Я зажег свечу. Лицо старика было строго, но спокойно. Только сдвинутые брови и сжатые губы говорили о надвинувшейся на нас опасности.
— Эти заваленные шахты всегда… — Он не договорил, быстро поднялся и взял свечу. — Пойдем, Васильич, поглядим… Только потихоньку.
Мы углубились обратно, в недавно пройденный ход, и очень скоро шаги наши заглохли в мягком песке, толстым слоем устлавшем пол выработки. Я посмотрел на Поленова, он кивнул головой. Слой песка все утолщался, в нем показались крупные глыбы породы. Мы сгибались все ниже и ниже, продвигаясь вперед, и наконец уперлись в насыпь из песка и камней, закрывшую наглухо отверстие штрека.
Дело было совершенно ясным: осела какая-то пустота в большой заваленной шахте. Сотни тонн земли, обрушившись сверху, отрезали нам путь назад… Мы находились в одном краю огромной, площадью во много километров, системы подземных ходов, уходивших в глубь степного плато.
Чем дальше, тем шахты становились все глубже и все были завалены.

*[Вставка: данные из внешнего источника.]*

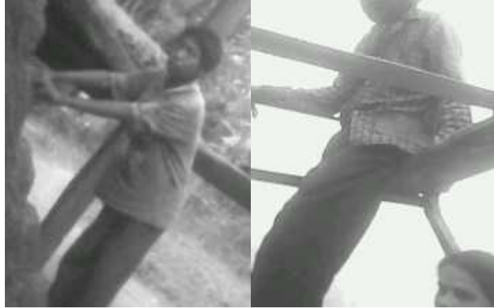
तुइनतारदै वोटे जातिकायुवकहरू ।
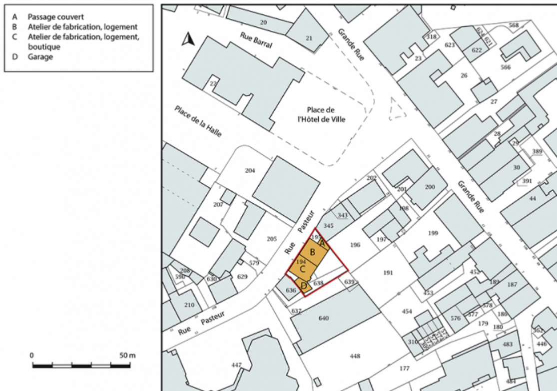
Plan-masse et de situation. Extrait du plan cadastral, 2017, section AA, 1/1 000. 25, Morteau, 1-3 rue Pasteur
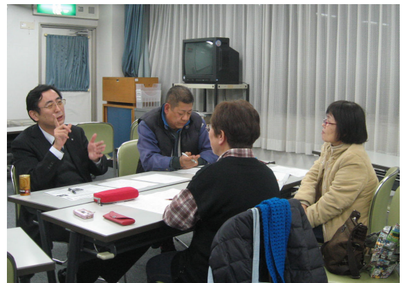
事務局会議：カンパチーム会議の様子
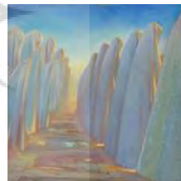
تصویر ۱۴. نماز، کاظم چلیپا، تاریخ اثر: ۱۳۷۳، تکنیک: رنگ و روغن، قطع اثر: ۱۲۰ در ۱۲۰.
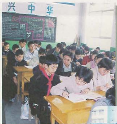
▲第八十五中学校で英語の授業を体験 (10月30日)
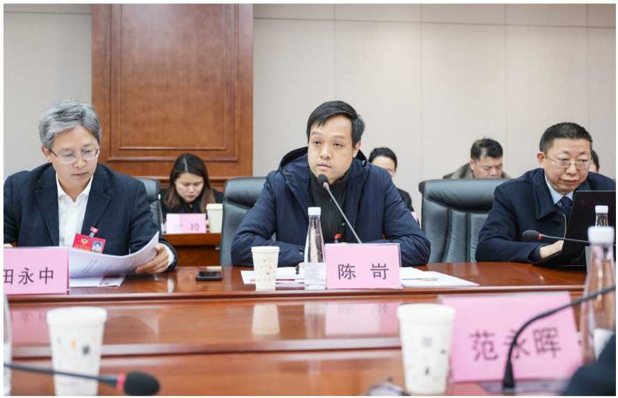
2月27日,参加区政协十六届三次会议的区政协委员正在发言。

本报讯(记者 代宇航 文/图)2月27日,参加区政协十六届三次会议的区政协委员就政府工作报告进行协商讨论。
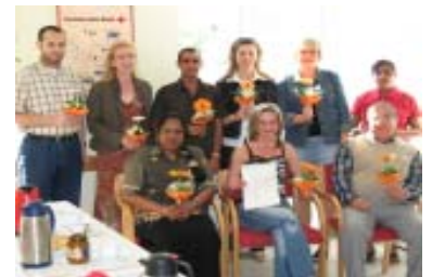
Abschluß eines Integrationskurses
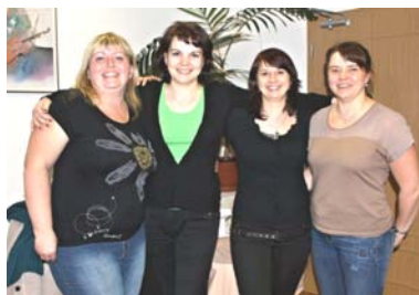
Bývalé předsedkyně na snímku z roku 2016
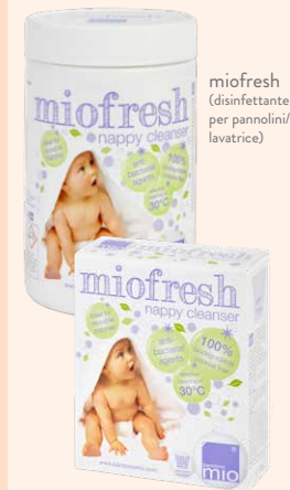
miofresh (disinfettante per pannolini/lavatrice)

Se la macchia persiste, occasionalmente puoi mettere ammollo il nucleo assorbente del tuo pannolino in una soluzione calda di disinfettante miofresh per almeno due ore. Usare 30ml di disinfettante miofresh ogni 5 litri d'acqua. Dopo l'ammollo, lavare a 40°C e, una volta finito, risciacquare ancora una volta i tuoi pannolini.†
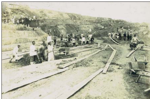
Строительство Лаишевского тракта (дамбы Казань – Лаишево). Фотографии нач. XX в.
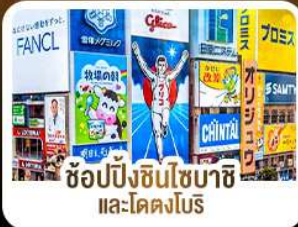
ช้อปปิ้งชินโซบาชิ และโดตงโบริ
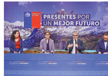
Gremio de la construcción valora incentivos tributarios anunciados por el Gobierno para compra de viviendas | Diario Financiero
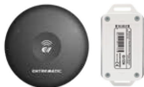
ESC mit Neigungssensor
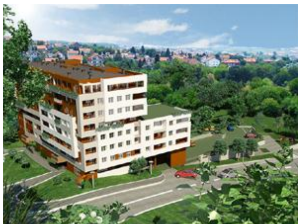
Izgled budućeg kompleksa "Paunov breg"

Četvrtak, 02. 05. 2013. | 12:50
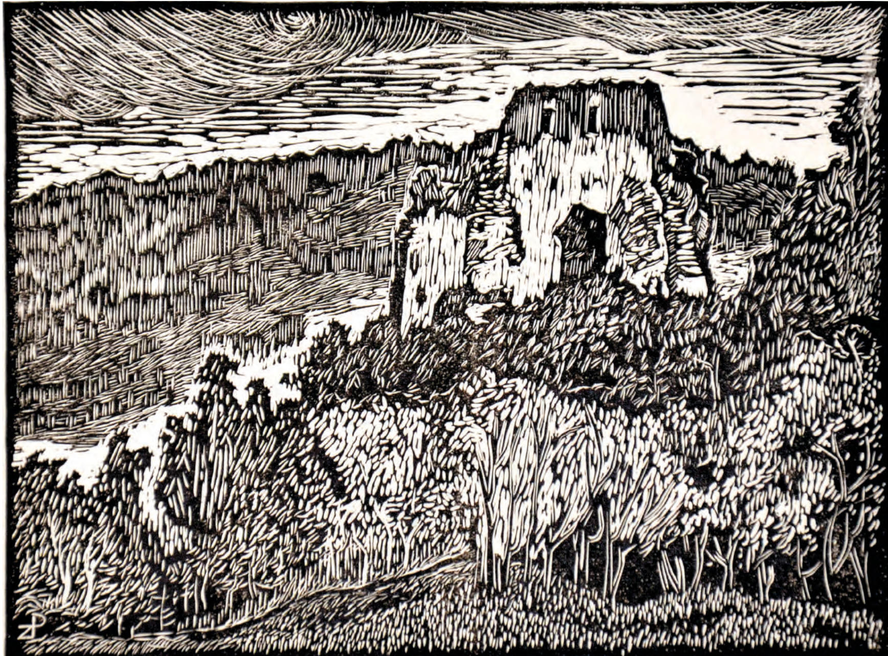
1. RUINY ZAMKU ESTERKI, 2009, linoryt, 15,5/20,8 cm

Да если бы некоторые из шахт и были открыты, разве можно было бы подняться через них из стометровой глубины? Чувство смертельной опасности, охватившее в тот момент, когда я услышал шорох обвала, не оставляло меня. Быстро пронесся рой мыслей о жизни, работе, близких, о прекрасном, сияющем, солнечном мире, который я больше никогда не увижу. Я закурил папиросу и жадно затянулся. Табачный дым низко стлался в сыром и холодном воздухе. Овладев собой, я повернулся к Поленову. Он был хмур, спокоен и молча следил за мной взглядом.
— Что будем делать, Корнилыч? — как можно спокойнее спросил я.
— Сильно сверху надавило; пожалуй, вся труба земли села, — сердито хмурясь, сказал Поленов. — Это мы растревожили, когда прокапывались. Видно, давно уж на волоске висело. Делать нечего, не прокопаешься, опять засыпать будет… Ну, пойдем назад, к шахте. Что мы здесь корячимся.
Не говоря ни слова, я пошел за стариком. Его спокойствие удивило меня, хоть я и понимал, что за свой долгий рабочий век он много перевидал и не раз испытывал серьезную опасность.
Не знаю, сколько времени мы молча просидели у края шахты: старик — в глубокой задумчивости, я — нервно покуривая. И я невольно вздрогнул, когда Поленов неожиданно нарушил молчание:
— Ну, Васильич, выходит, мне с тобой лезть надо. Мне-то уж помирать не страшно — годом раньше, годом позже, а тебе неохота, да и нельзя: полезный ты нашему делу человек. Свечей сколь прихватил с собой?
— Три целых пачки, — ответил я.
— Это дело! Такого запаса хватит, но для всякого случая, когда спустимся, вторую свечу гаси — путь длинный… А меня сумеешь ли спустить? Я ведь тяжел. — И на суровом лице старика чуть мелькнула улыбка.
— Спущу, Корнилыч, будь спокоен, — откликнулся я. — Однако как же мы выберемся из глубин Рождественского или Щербаковского рудника?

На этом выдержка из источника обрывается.